原題:『Bohemian Rhapsody』
監督:ブライアン・シンガー(デクスター・フレッチャー)
脚本:アンソニー・マクカーテン
撮影:ニュートン・トーマス・サイジェル
出演:ラミ・マレック/ルーシー・ボイントン/グウィリム・リー/ベン・ハーディ/ジョゼフ・マゼロ
2018年/イギリス・アメリカ
「ボヘミアン・ラプソディ」の「真実」について
個人的にはフレディ・マーキュリーの死に際の混乱した有様を知りたかったのではあるが、「ライブ・エイド」をクライマックスにもってきた点は「ボヘミアン・ラプソディ(=自由奔放な狂想曲)」というタイトル通りの破天荒なフレディの人生をわかりやすくまとめる上においては良かったのだと思う。
何よりもクイーンの「ボヘミアン・ラプソディ」という謎めいた曲の真意が明らかにされたことが本作の収穫だと思うのだが、まずは和訳してみたいと思う。
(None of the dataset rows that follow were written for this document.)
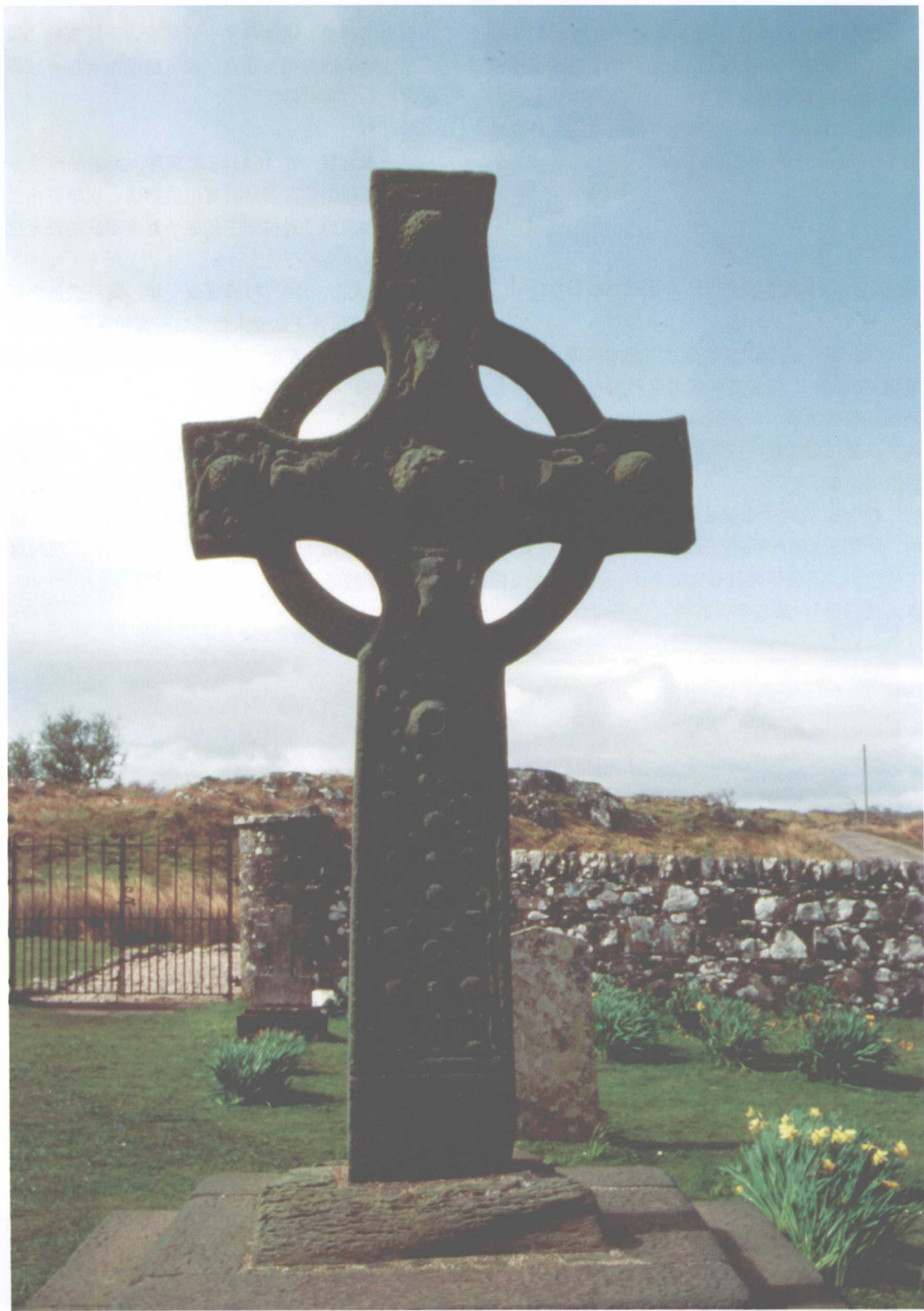
艾莱岛上的基达尔顿十字架
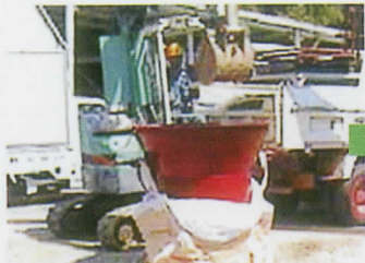
瞬作を吊り上げフレコンバッグを取り付け降ろす
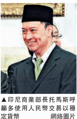
▲印尼商業部長托馬斯呼籲多使用人民幣交易以穩定貨幣

目前，印尼約20至30%的對外貿易使用人民幣交易。托馬斯認為，中國已準備好肩負更大的經濟責任，他又鼓勵東盟各國增加使用人民幣以穩定貨幣，並建議東盟各國央行持人民幣作為外匯儲備。
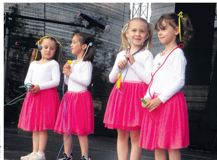
...a nawet jeszcze młodszych!
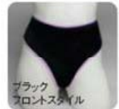
ブラック フロントスタイル
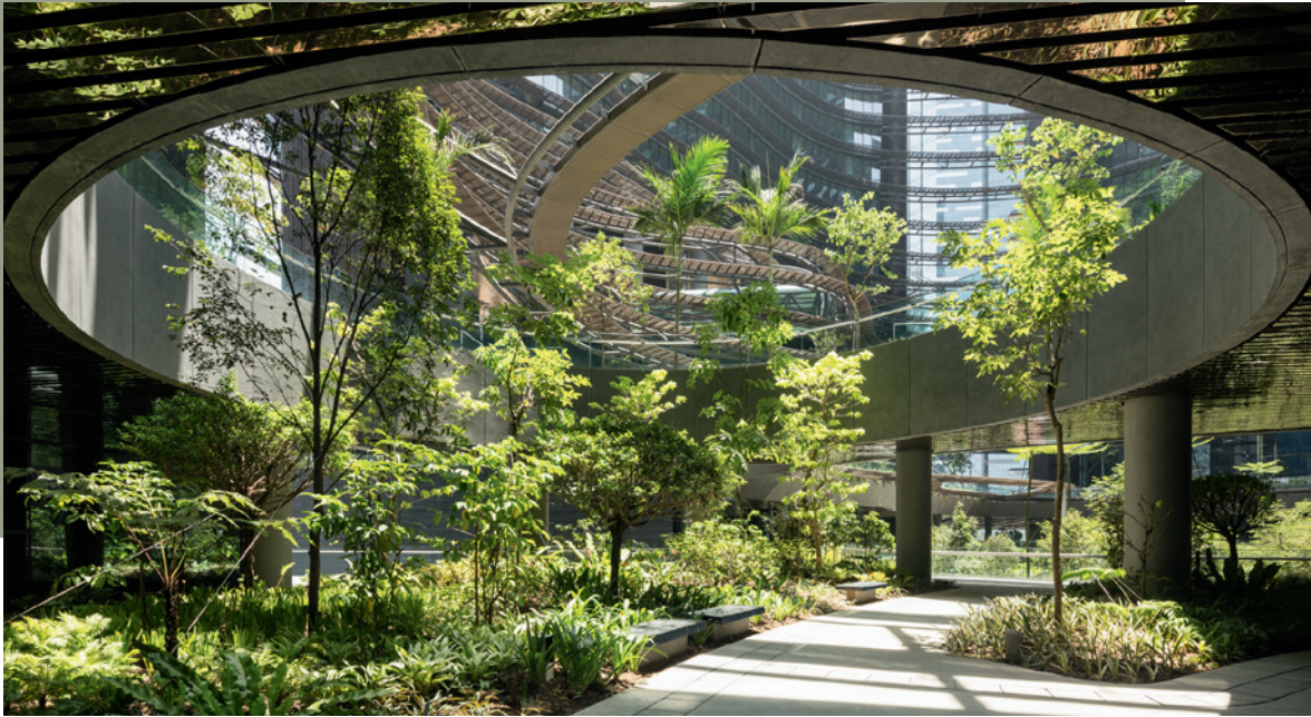
Marina One Singapur, KEIM Concretal-Lasur; Bild links: Alnatura Campus Darmstadt, KEIM Lignosil-Inco

KEIM ist seit jeher Vorreiter in punkto Nachhaltigkeit und setzt sich mit der Zertifizierung von 65 Produkten aus 4 Produktgruppen an die Spitze der Baubranche. Das sind über 80% des KEIM Farbabsatzes. Alle Produkte erhalten die Cradle to Cradle Certified®-Zertifizierung in Silber. Die Produkte und Prozesse wurden im Rahmen der Zertifizierung in den folgenden 5 Kategorien bewertet.

「Bohemian Rhapsody」 Queen 日本語訳
これは実人生なのか?
それともただの空想なのか?
地滑りに巻き込まれたようで
現実から逃げ出せない
君は目を見開いて
空を見上げてみればいいんだ
僕はただの憐れな少年で
共感など必要とはしていない
だって僕は夢中になったとたんに冷めてしまうし
感情の起伏も適当な感じで
どっちにしたところで風は吹くのだから
それは僕にとっては重要なことではないんだ
(他の人はともかく)僕にとってはね
ママ、僕は「男性」というものを殺してしまった
彼の頭に銃口を突き付けて
僕が引き金を引いてしまったら
彼は死んでしまったんだ
ママ、人生が始まったばかりだというのに
「僕」は死んでしまい全てをなげうってしまったんだ
ママ、僕はあなたを泣かせるつもりはなかったけれど
もしも明日の今頃、僕がもう戻ってこなくても
まるで何事も起こらなかったかのように
人生を送って欲しい
「僕の時代」が来るのが遅すぎたようだ
僕は体の芯からぞくぞくさせられ
ずっと体がむずむずするんだ
みんな、さようなら
僕は行かなくてはならないんだ
全員を置き去りにしてでも真実と対峙しなければならないんだ
ママ、僕は死にたくはない
時々、僕は生まれてこなければよかったと思うんだ
僕には男の小さな影が見える
スカラムーシュ(からいばりする臆病者)よ
ファンダンゴを踊ってくれないか?
落雷と稲妻が僕を恐れさせる
ガリレオ
ガリレオ
ガリレオ
フィガロ(機知にあふれたうそつき)
マグ二フィコ(貴族)
でも僕は憐れな少年で誰にも愛されない
(彼は貧困層出身の憐れな少年)
(彼の命をこの極悪非道な状況から救ってやれよ)
夢中になったとたんに冷めてしまうのだから
僕を解放してくれないか?
(神にかけてでも俺たちはおまえを離さない)彼を解放してやれ
(神にかけてでも俺たちはおまえを離さない)彼を解放してやれ
(神にかけてでも俺たちはおまえを離さない)彼を解放してやれ
(俺たちはおまえを離さない)彼を解放してやれ
(俺たちはおまえを離さない)彼を解放してやれ
ダメだ
ママ、僕を解放してほしい
ベルゼブルという悪魔の首領が僕のために
一匹の悪魔を確保した
僕のために
だからおまえは僕に石をぶつけて
僕の目に唾を吐きかけられると思っているんだな
だからおまえは僕を愛せると思っているし
僕には見込みがないものとして見捨てることもできると思っているんだな
そんなことは僕に対してできないだろう?
ただ出て行けばいいんだ
こんな場所からすぐに出て行くべきなんだ
重要なことなど存在しないんだ
誰だって理解できるはずさ
それは僕にとっては重要なことではないんだ
どっちにしたところで風は吹くのだから
「ボヘミアン・ラプソディ」とはフレディ・マーキュリーが自分の「男性性」を「殺した」ことにより自分にとってはどうでもよかったのだが周囲が騒ぎ出し、ガリレオ・ガリレイのように異端審問にかけられ、イエス・キリストのように虐げられ、母親の期待には添えられなかったとしても、こんなつまらない世界から新たな世界へと抜け出して生きていくという宣言のような曲なのである。